**Exercise details**
Output, exactly and in full, only the lines from the one containing "On the H4 chart" to the last line of the data. Pictures should not appear.

**Raw data**
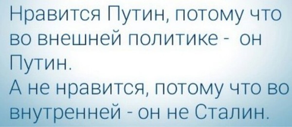 В социальных сетях весьма распространена такая позиция: люди лично Путина поддерживают, но при этом ругают, и довольно жестко, многих из тех, кто вокруг него: и правительство, и ЦБ, и близких к власти олигархов, и тем более «Единую Россию». Ругают иногда даже самого Путина — за либерализм по отношению к внутренним и внешним врагам. Как говорят сами эти люди, мы ругаем Путина не за то, что он слишком Путин, а за то, что он недостаточно Путин.
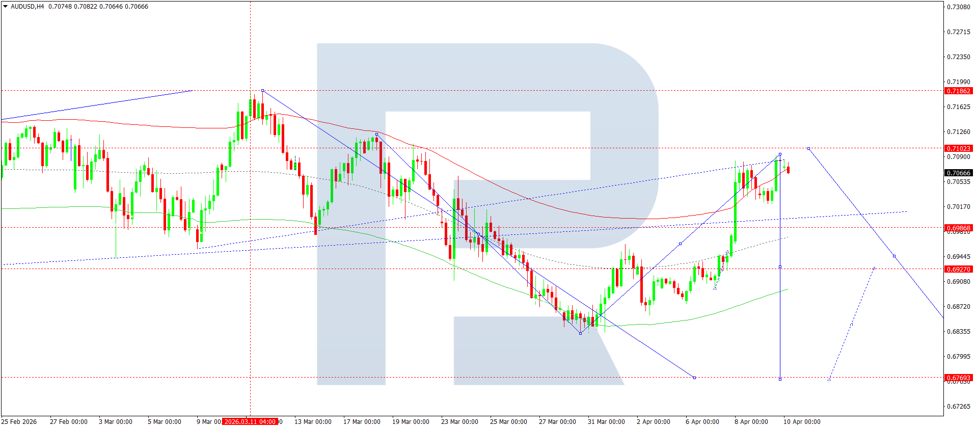 On the H4 chart of the AUDUSD pair, the market completed a growth wave to 0.7090 and formed a consolidation range around it. Today, 10 April 2026, we expect the beginning of a downward wave to 0.6922. In case of a breakout below this level, the potential for continuation of the wave to 0.6767 will open. The target is local.
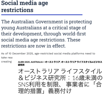 豪政府は、子供が禁止対象外のサービスに流れるのは「想定内」とし、必要に応じて対象を拡大する方針を示すが、AFR紙は専門家の意見を引用し、「モグラたたきのようなアプローチだ」と指摘している。”(出典:讀賣新聞オンライン)
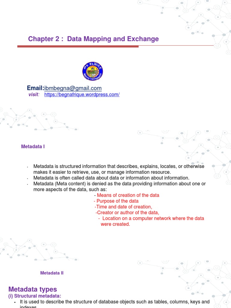 Chapter 2: Data Mapping and Exchange: Visit

**Answer space**
 On the H4 chart of the AUDUSD pair, the market completed a growth wave to 0.7090 and formed a consolidation range around it. Today, 10 April 2026, we expect the beginning of a downward wave to 0.6922. In case of a breakout below this level, the potential for continuation of the wave to 0.6767 will open. The target is local.
 豪政府は、子供が禁止対象外のサービスに流れるのは「想定内」とし、必要に応じて対象を拡大する方針を示すが、AFR紙は専門家の意見を引用し、「モグラたたきのようなアプローチだ」と指摘している。”(出典:讀賣新聞オンライン)
 Chapter 2: Data Mapping and Exchange: Visit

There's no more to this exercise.